In summation might we consider the idea of verbalizing our blessings to our children, grand children and friends. We do bless the Lord in our prayer lives, and rightly so, but we so often allow our personal relationships to go with little verbalized praise and blessing.

Imagine how a child would feel if they heard the parent thanking the Lord for the child and asking God to bless them, to guide them, to protect them, and lead them. This might well cure some of our family ills in our country.

Imagine how a fellow believer in the congregation would feel if they heard another believer asking the Lord to guide and direct them in their lives. One old member of one church we attended used to pray for each one at prayer meeting asking that the Lord would bless, lead and care for them. Rather hard to cause trouble in such a situation and it lays it right out there that the man had nothing against those that he was praying for. Openness in our congregations would not be a bad thing.

Imagine a spouse hearing you asking the Lord to give strength at work, to give protection and to give boldness of witness. Really we ought to be blessing more outwardly and verbally so that others can know how we really feel about them.

To show love, care and concern for your family and your church family are rather normal, but to let them know of it is not the normal in our society. Might we consider how we might find ways to show our true feelings to those around us in an attempt to change our society into what it should be.

When we want to encourage those we love might we consider a verbal prayer with them now and then as we live our lives before our Lord. To just bless them might well work out well also. Just take them by the arm and do it, it will hurt but a moment.

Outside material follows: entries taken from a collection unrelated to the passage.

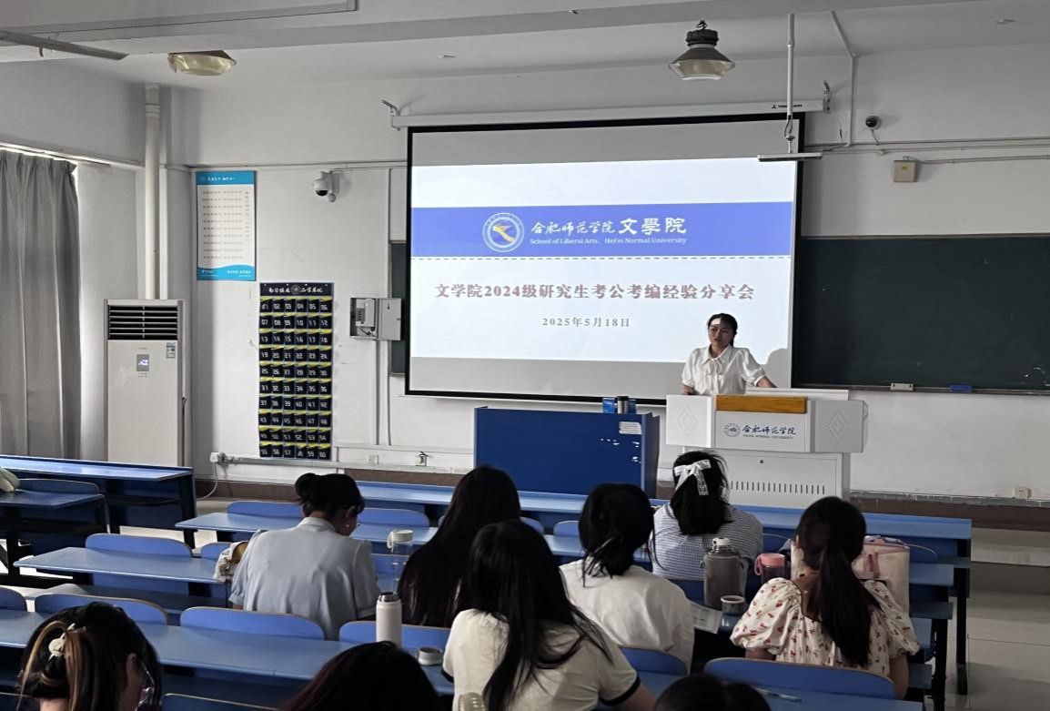 5月18日下午,文学院在逸夫楼403教室举办研究生专业成长与就业经验分享会,优秀硕士毕业生代表陈曦、董浩、鄢炜娟应邀担任主讲,为学弟学妹传授学业规划、技能竞赛及教师编制备考经验。近百名学子齐聚一堂,聆听“成长引路人”的宝贵经验,现场气氛热烈,掌声阵阵。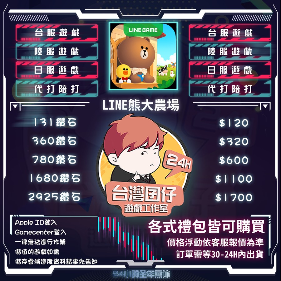 代儲【131鑽石=120元】 🏆LINE 熊大農場代儲🏆24H客服🔥台灣囝仔🔥退刷包賠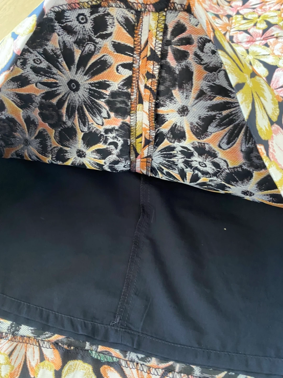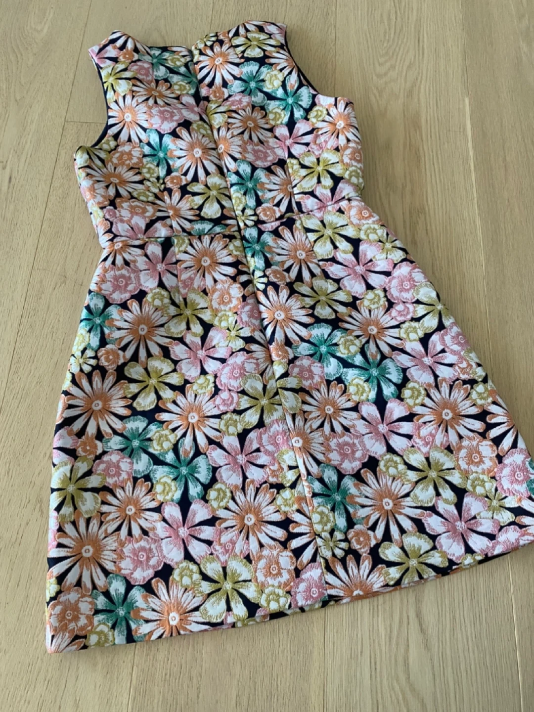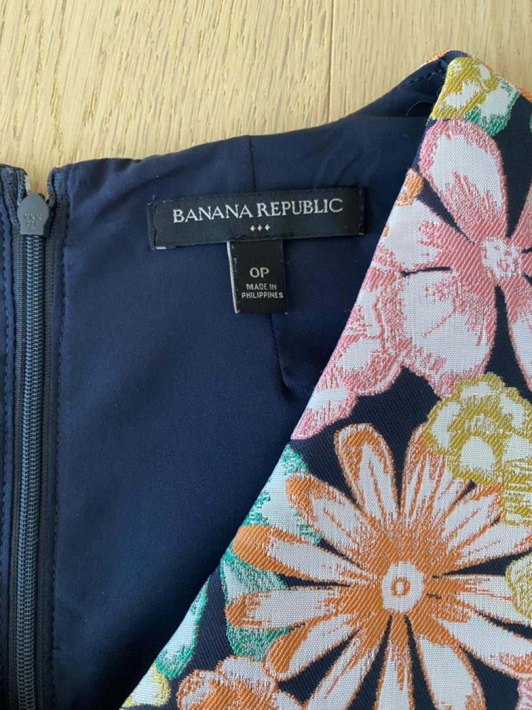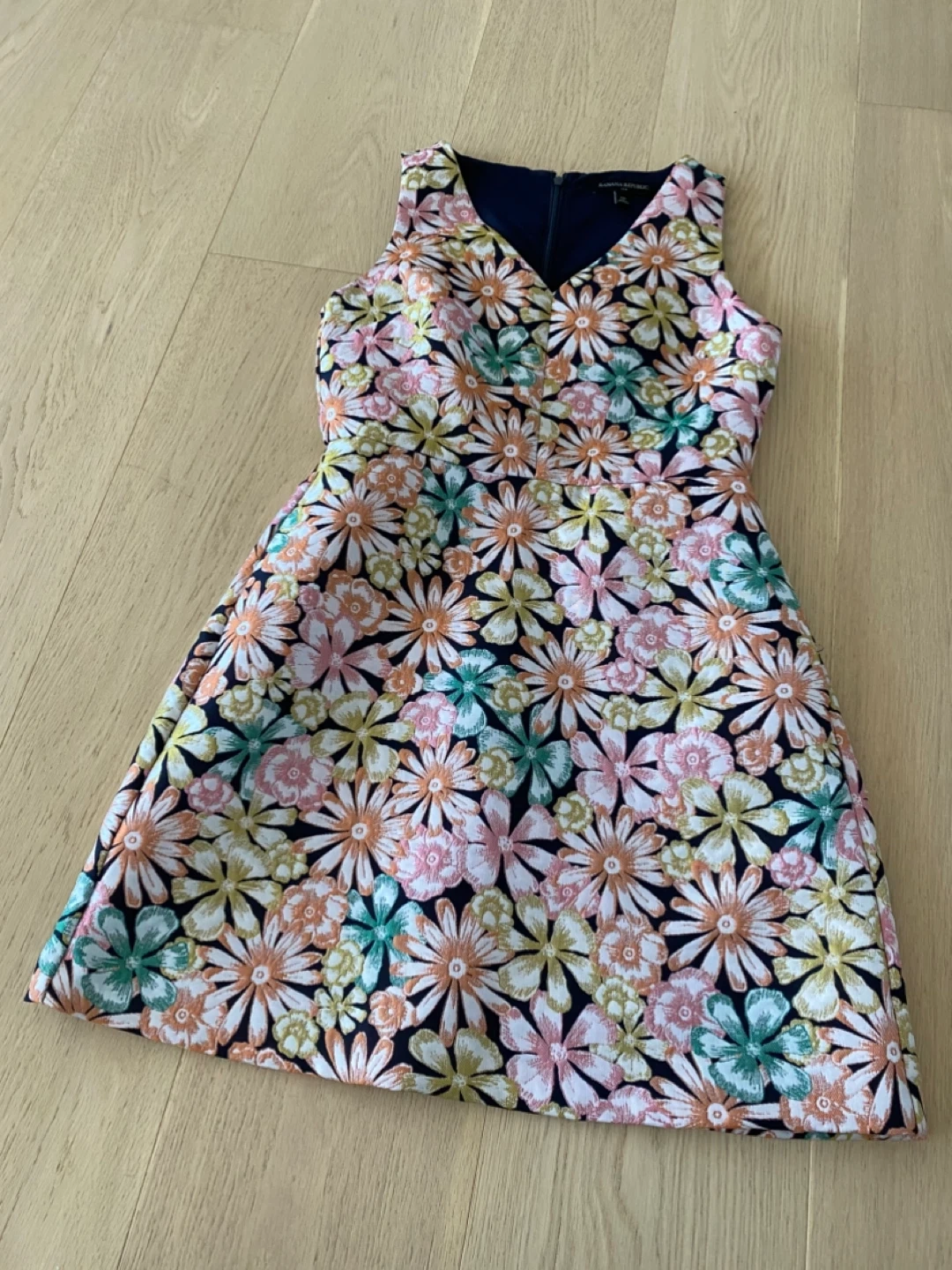 This is a Banana Republic dress in size 0P. It features a colourful floral pattern on a dark navy background. The dress is in great condition and perfect for spring or summer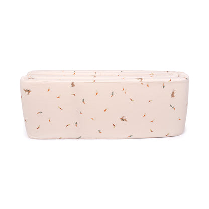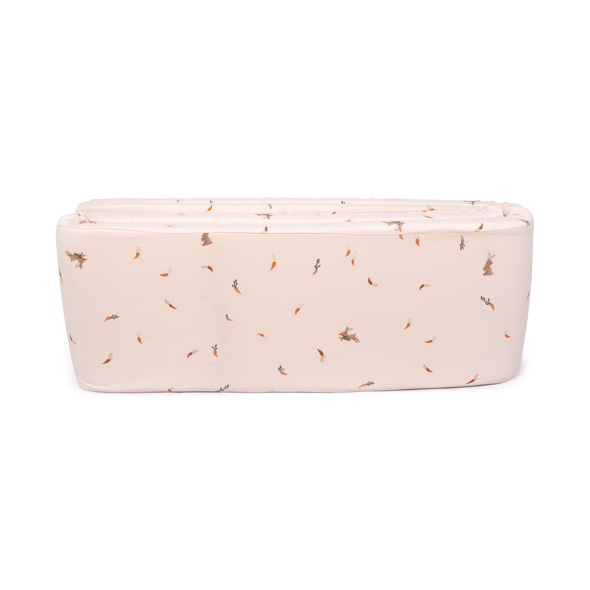 Skab en tryg og hyggelig atmosfære i tremmesengen med Filibabbas sengerand i det legende Carrot Thief-design. Betrækket er fremstillet i 100% GOTS-certificeret økologisk bomuld og kombinerer høj kvalitet med et sødt motiv, der giver børneværelset et varmt udtryk.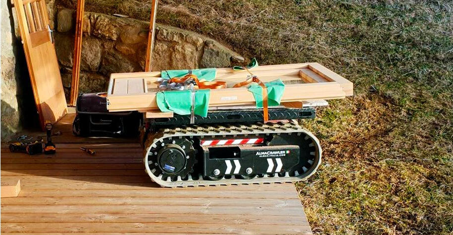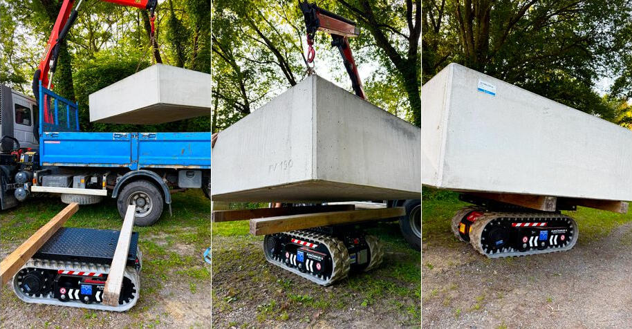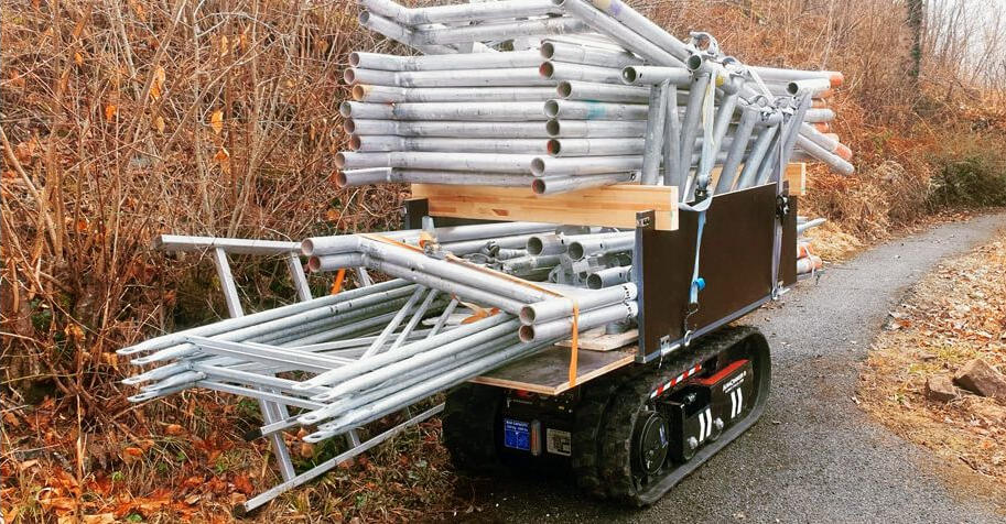 Täyssähköinen telaketjukuljetin, jonka kapasiteetti on 1500 kg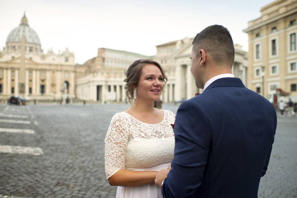 Это был очень эмоциональный и душевный день. Первая встреча жениха и невесты состоялась ни где-нибудь, а на самой площади Святого Петра. В объятьях христианской веры и колоннады Бернини. Волнительное ожидание, слезы счастья и любимое плечо рядом. Это любовь!..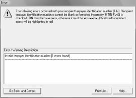 This is an example of what the W-2/1099 Preparer will display if it finds incorrect or missing data. If this screen is displayed, simply click on the Go Back and Correct button and the data that needs to be corrected will be displayed in red. Click on the red data and correct the information. Once all data has been corrected, click Next Step again to continue to the next screen.
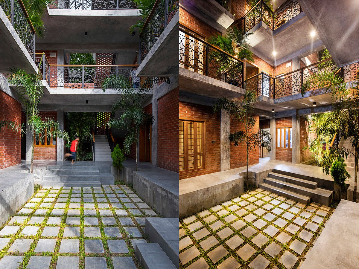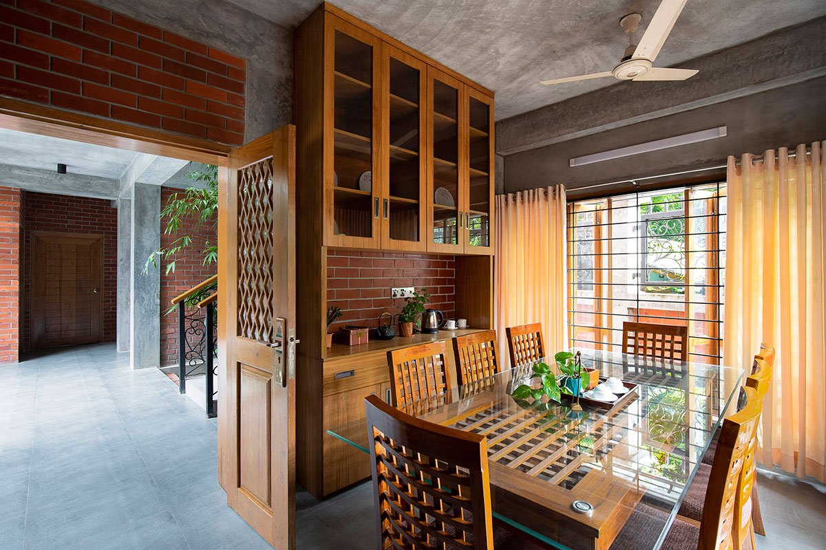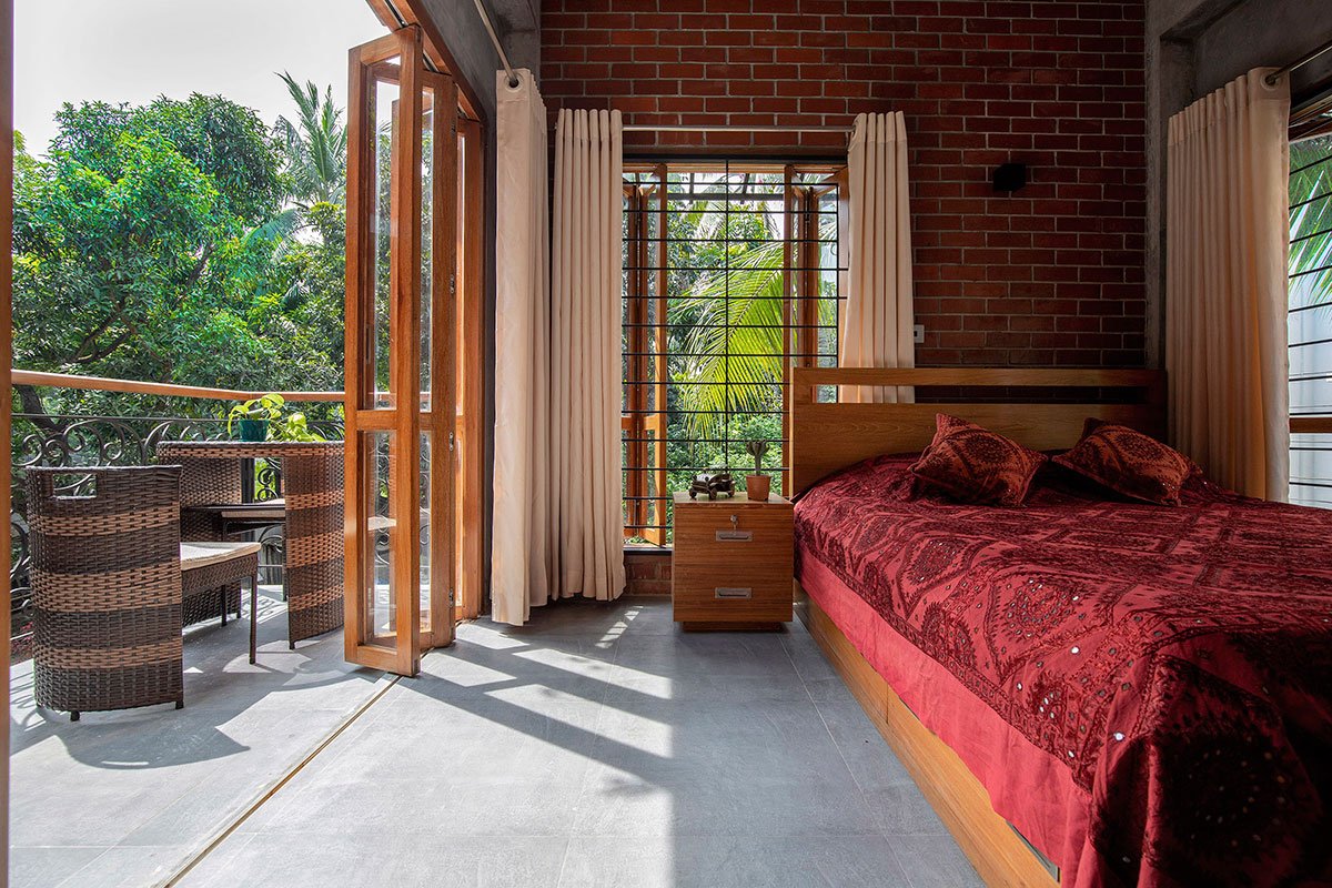 Large windows also provide cross ventilation for each compartment on the opposing sides. The structure gains a new dimension by adding design features like brick-jali, pointing brick wall, spiral stairs, and a pergola. Through the thoughtful use of color, texture, voids, workmanship, the terrain, and the movement of light and shadow, this project aimed to maintain a connection with the climate, light, and nature to enhance visual and tactile interaction with its surroundings.

Yes, the blessing thing seems to be a cultural thing, especially in the Old Testament, but the Lord was man enough to do it so then we ought to be able to dig down deep and do the same even though our society is not much on the idea.



Irish Marriage Blessing

May God be with you and bless you.

May you see your children’s children.

May you be poor in misfortunes and rich in blessings.

May you know nothing but happiness from this day forward.

An Old Irish Blessing

May the road rise up to meet you.

May the wind always be at your back.

May the sun shine warm upon your face, and rains fall soft upon your fields.

And until we meet again,

May God hold you in the palm of His hand.

Verses 17-22

Mark 10:17 And when he was gone forth into the way, there came one running, and kneeled to him, and asked him, Good Master, what shall I do that I may inherit eternal life? 18 And Jesus said unto him, Why callest thou me good? there is none good but one, that is, God. 19 Thou knowest the commandments, Do not commit adultery, Do not kill, Do not steal, Do not bear false witness, Defraud not, Honour thy father and mother. 20 And he answered and said unto him, Master, all these have I observed from my youth. 21 Then Jesus beholding him loved him, and said unto him, One thing thou lackest: go thy way, sell whatsoever thou hast, and give to the poor, and thou shalt have treasure in heaven: and come, take up the cross, and follow me. 22 And he was sad at that saying, and went away grieved: for he had great possessions.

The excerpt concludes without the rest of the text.